↓

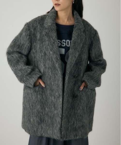 今年らしい毛足の長いシャギー素材のビッグショルダーのアウターです。
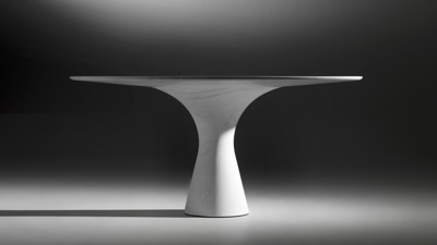 Het tafelontwerp Angelo M is de essentie van een ronde of ovale tafel in natuursteen met een sculpturale vorm, robuust materiaal, elegante belijning en verfijnde afwerking. De twee elementen, voet en blad, vormen samen één geheel. De onderzijde is één vloeiende curve vanaf de voet tot de tafelbladrand. Uitgevoerd in harde natuursteen geschikt voor buitengebruik is dit ontwerp ook een ideale tuintafel. Angelo M wordt verdeeld via exclusieve designwinkels in binnen- en buitenland.
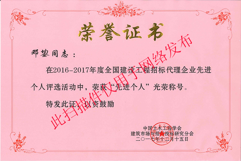 公司鄧鋆總經(jīng)理獲得中國土木工程學(xué)會建筑市場與招標(biāo)投標(biāo)研究分會頒發(fā)的2017年度全國建設(shè)工程招標(biāo)代理企業(yè)先進(jìn)個人稱號
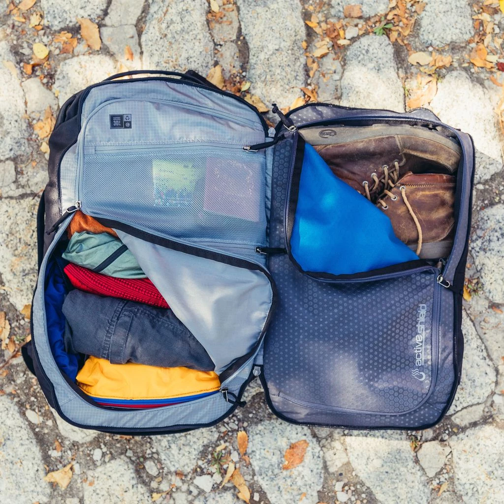 - ActiveShield zippered compartment with Polygiene StaysFresh® technology keeping dirty or wet clothing and gear separate for vapor, odor and dirt protection
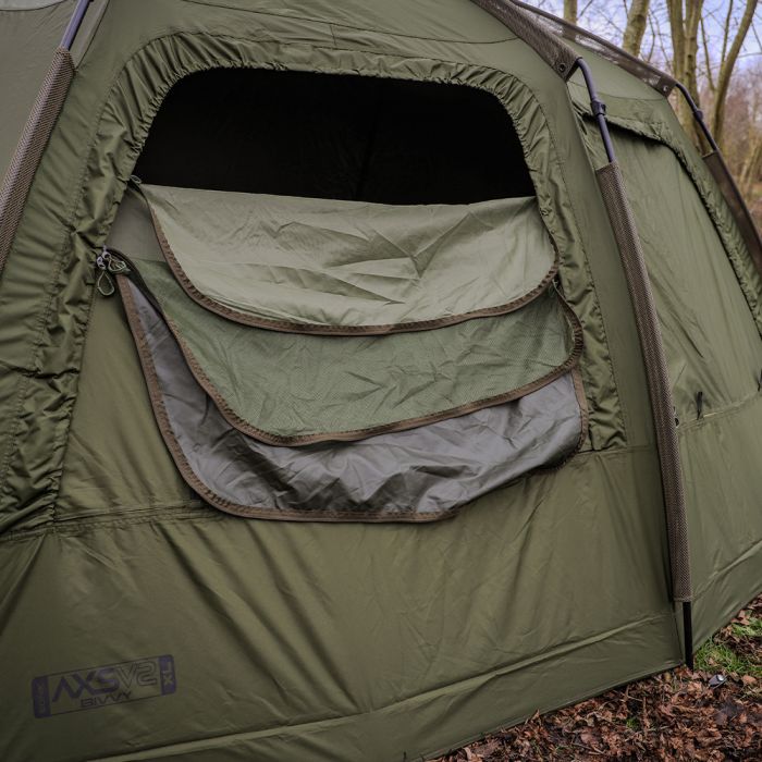 In navolging van het succes van de veelgeprezen AXS XL Bivvy is de AXS-V2 XL Bivvy gebouwd rond de supersterke AXS ALLOY centrale naaf en lichtgewicht anti-twist 6061aluminium frame, dat een ultrasnelle en superstabiele setup en quick pack down biedt. Bovendien is de AXS-V2 XL vervaardigd met behulp van ultrasterke extra versterkte palen met dubbele wanddikte in gebieden met hoge belasting. De luifel is geüpgraded naar onze nieuwe 16.000 mm HH Cloudbase-stof™ die sterk, licht en extreem waterdicht is. Het frame is gevormd met een hoge vlakke achterkant en steile zijkanten om maximale interne ruimte te bieden, ideaal voor de langere sessies in het VK of Europa. De AXS-V2 XL heeft ook de mogelijkheid om een binnencapsule te bevestigen die als afzonderlijk item verkrijgbaar is. De extra grote voorpiek met regendruppelbescherming biedt nog meer bescherming en heeft de perfecte maat om uw bedchair en al uw uitrusting tegen de elementen te beschermen. Een grote bonus voor de reizen naar het buitenland is de toevoeging van het 'clip in' of 'zip in' grondzeil dat ook is voorzien van een 'fold back door entry flap', waardoor het vloeroppervlak droog en schoon blijft. De bivvy beschikt ook over een zip on / off frontpaneel, compleet met mozzi zijruiten en volledig aanpasbaar voordeursysteem. Andere voordelen zijn onder meer interne voor- en achterzakken en groene / duidelijke voorportierraamopties, plus driewegopeningen aan de achterkant die vanaf de binnenkant van de bivvy kunnen worden geopend. Vier ontluchtingsstangen, een extra grote compressietas, twee 48" snelspannen, stormkoorden en een set zware T-haringen maken het pakket compleet. (De AXS-V2 XL Vapour Cap, AXS-V2 XL Inner Capsule en AXS-V2 XL Wrap zijn allemaal verkrijgbaar als afzonderlijke items.)
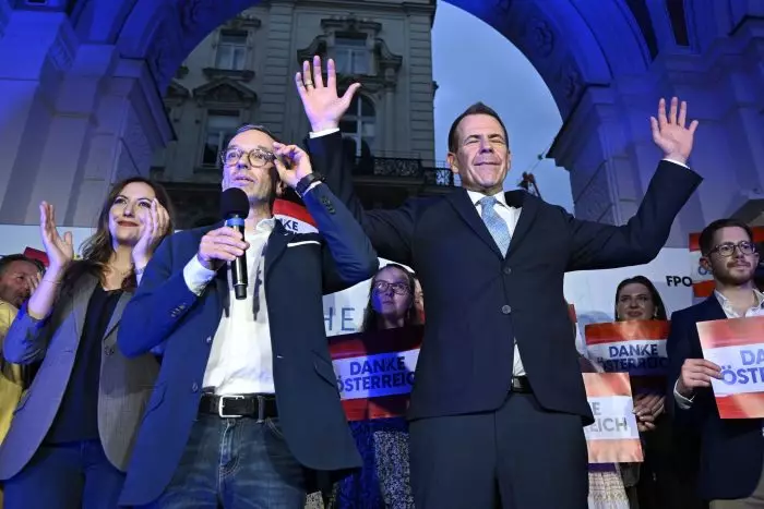 Es ist das erste Mal in Österreich, dass die Rechtspopulisten bei einer landesweiten Wahl an erster Stelle liegen. Laut vorläufigem Ergebnis erhält die FPÖ 25,5 Prozent der Stimmen. Die konservative ÖVP erreicht 24,7 Prozent. Die sozialdemokratische SPÖ folgt mit 23,3 Prozent.
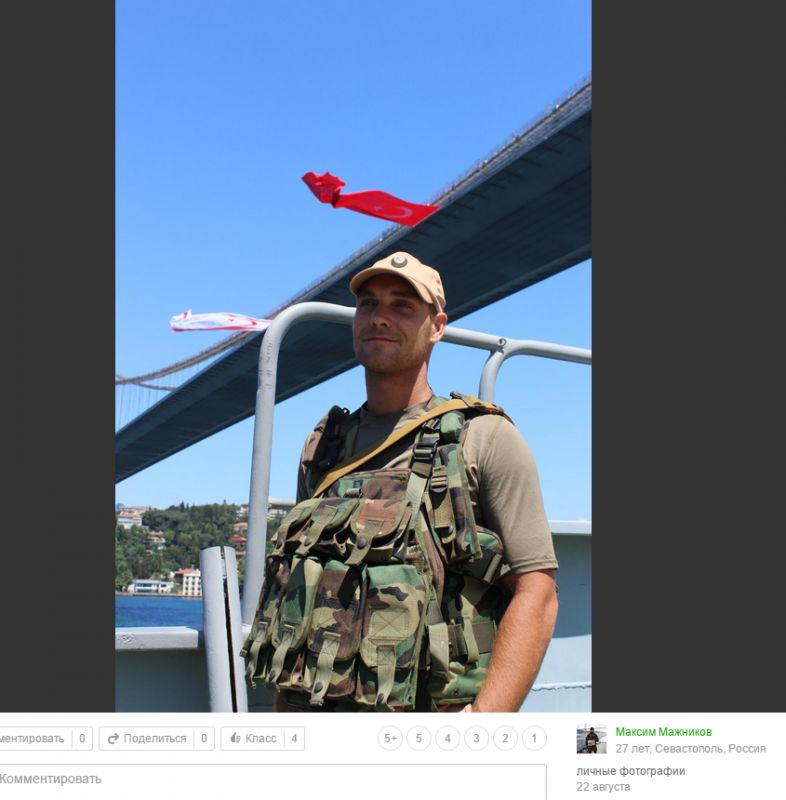 Внимание сразу же зацепилось за фотографию на его аватарке: он стоит в военной форме и с оружием в руках на палубе БДК, а на заднем фоне виден Босфорский мост. Эту фотографию он загрузил 29 марта 2015-го:
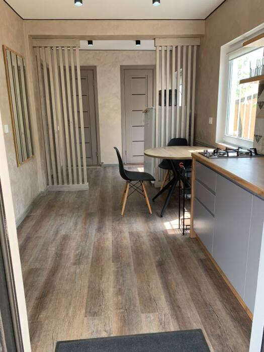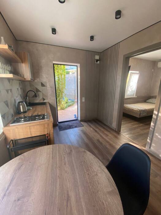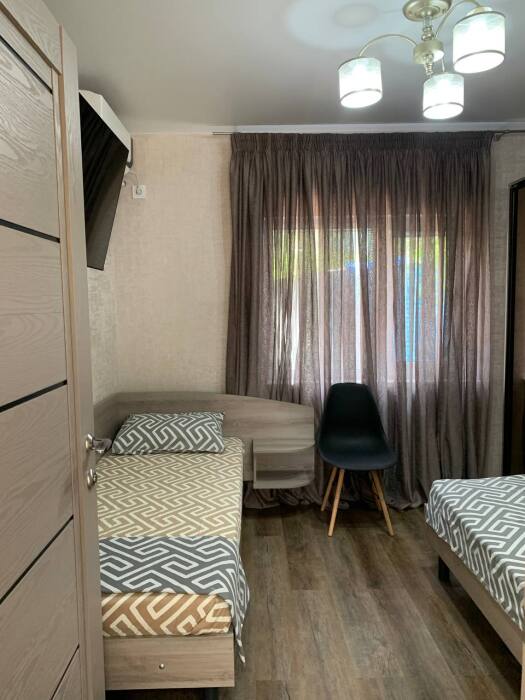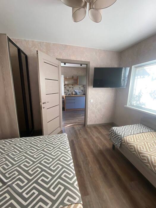 В доме две отдельные комнаты и просторная кухня, так же есть два санузла, один расположен в доме, второй во дворе. В каждой комнате стоит 2-спальная кровать и одна 1-спальная кровать, шкаф купе, кондиционер, тв.
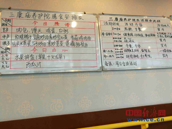 養(yǎng)老中心宿舍區(qū)墻面的白板上,詳細(xì)地列著老人們這一天的膳食和活動(dòng)安排。(中國(guó)經(jīng)濟(jì)網(wǎng)記者范戴芫 攝)
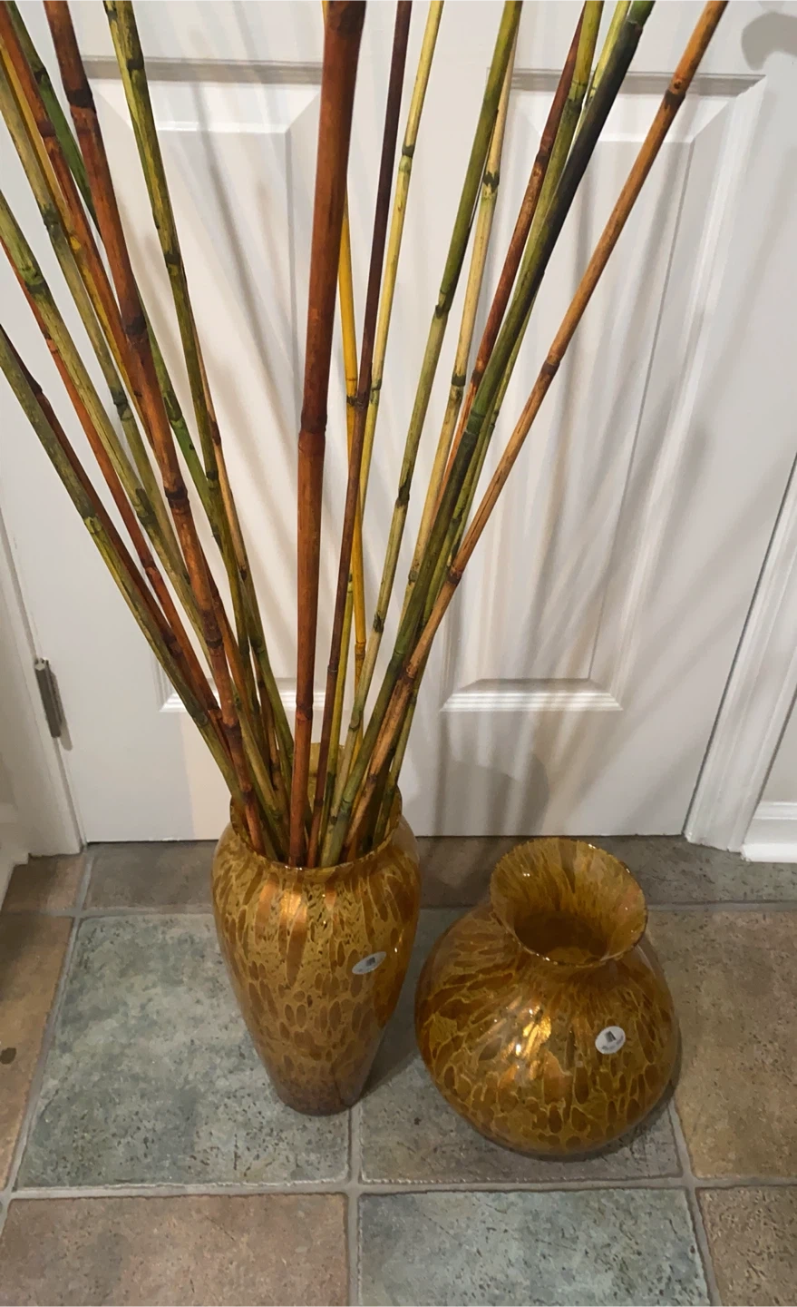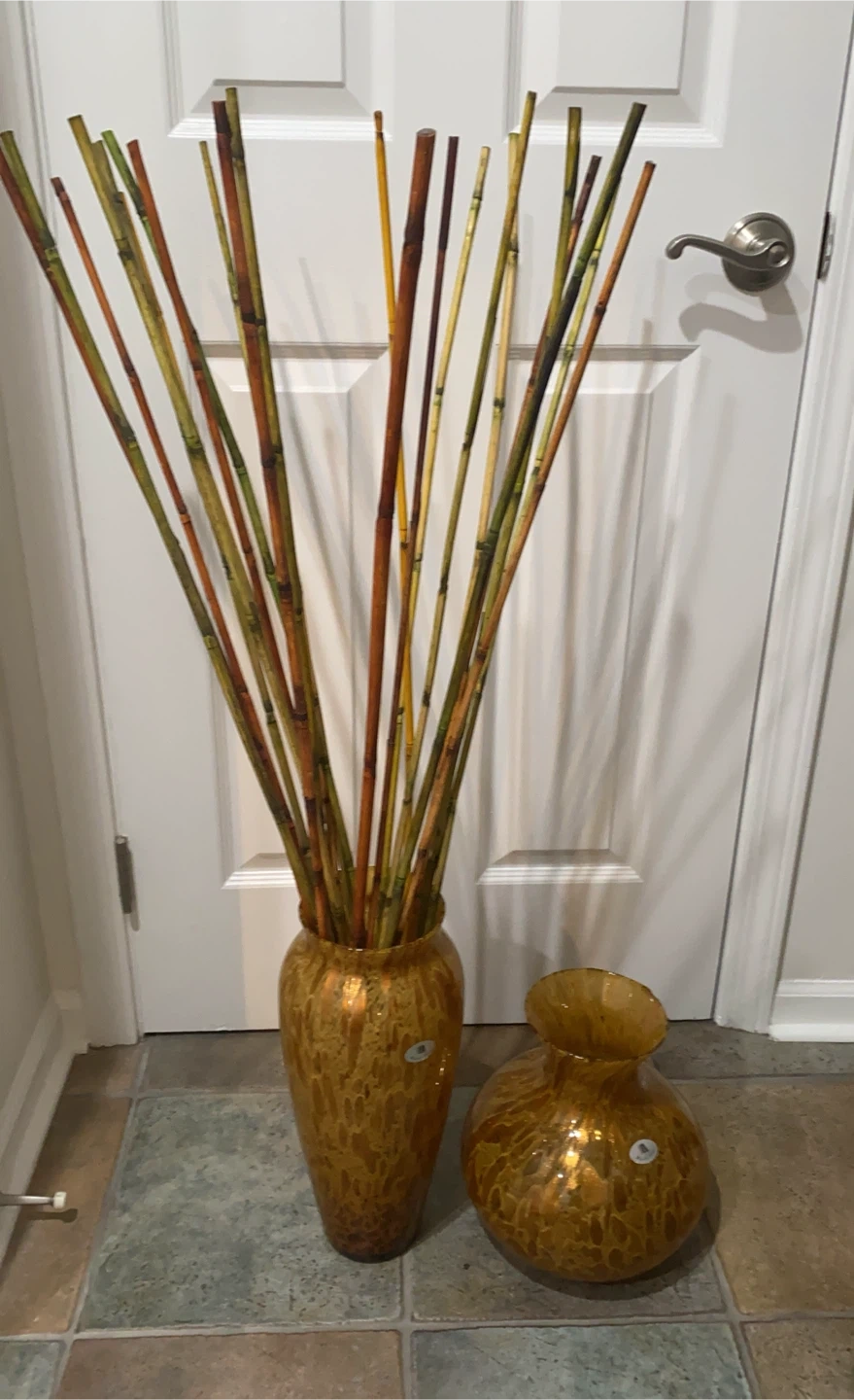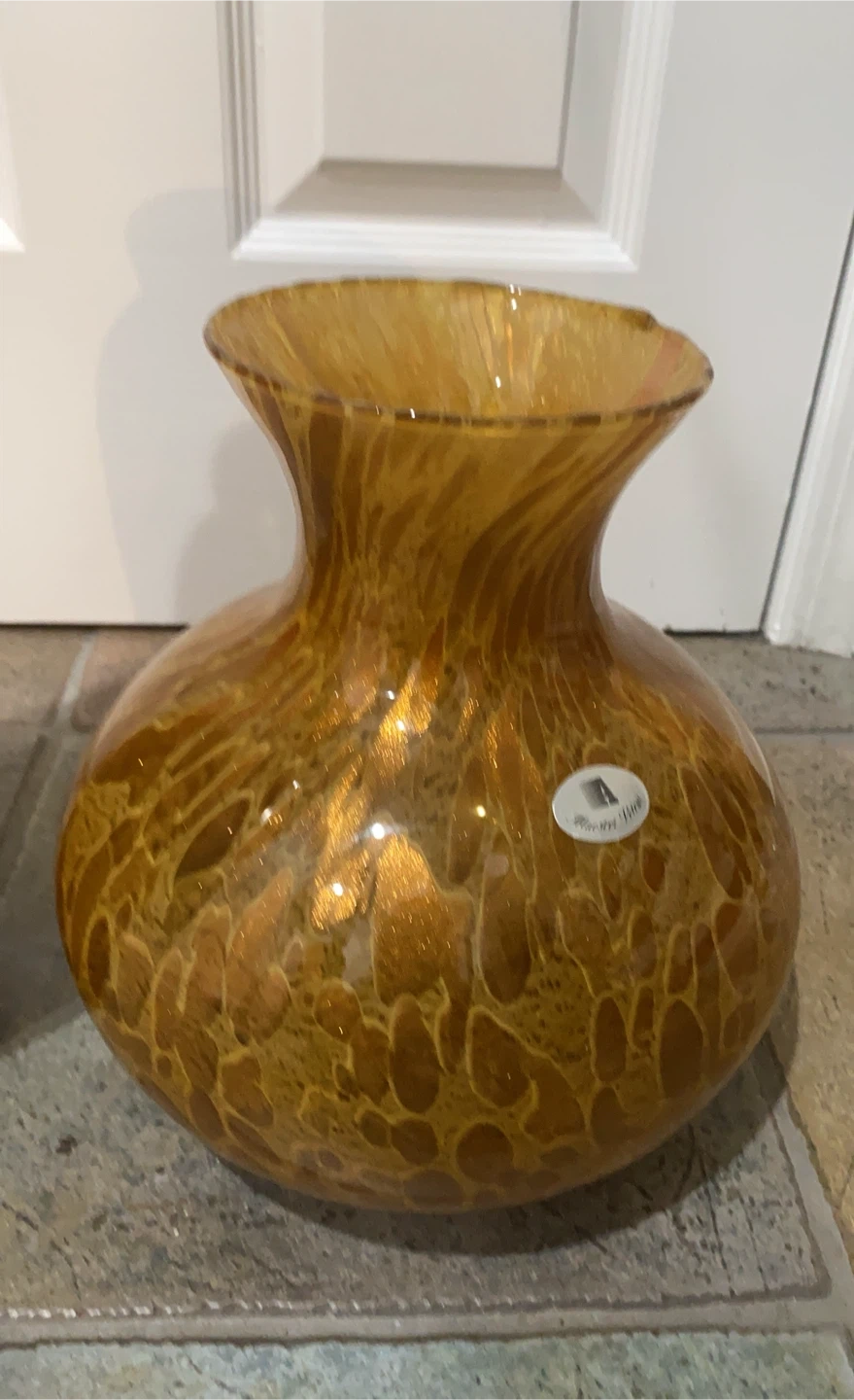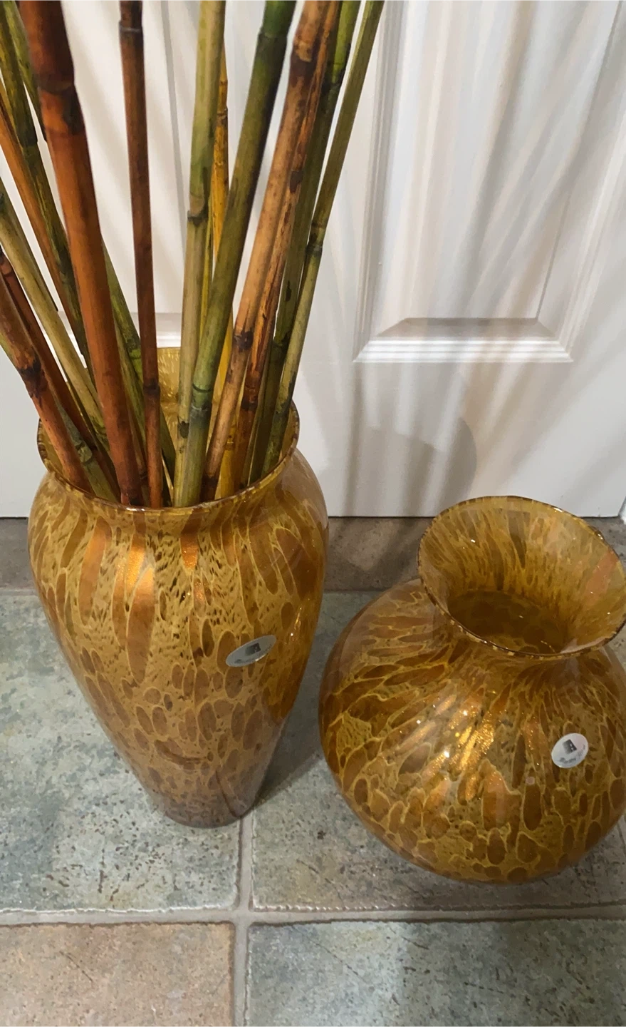 Selling a beautiful set of amber art glass vases from Maestri Vetrai. They have a unique, textured design that catches the light nicely. The vases are in great condition and would make a lovely addition to any home

↑

Work item ▸ Both ends included, copy word for word the lines from the top of the entries above through the line with "- ActiveShield zippered". No pictures.

Completed task ▸
 今年らしい毛足の長いシャギー素材のビッグショルダーのアウターです。
 Het tafelontwerp Angelo M is de essentie van een ronde of ovale tafel in natuursteen met een sculpturale vorm, robuust materiaal, elegante belijning en verfijnde afwerking. De twee elementen, voet en blad, vormen samen één geheel. De onderzijde is één vloeiende curve vanaf de voet tot de tafelbladrand. Uitgevoerd in harde natuursteen geschikt voor buitengebruik is dit ontwerp ook een ideale tuintafel. Angelo M wordt verdeeld via exclusieve designwinkels in binnen- en buitenland.
 公司鄧鋆總經(jīng)理獲得中國土木工程學(xué)會建筑市場與招標(biāo)投標(biāo)研究分會頒發(fā)的2017年度全國建設(shè)工程招標(biāo)代理企業(yè)先進(jìn)個人稱號
 - ActiveShield zippered compartment with Polygiene StaysFresh® technology keeping dirty or wet clothing and gear separate for vapor, odor and dirt protection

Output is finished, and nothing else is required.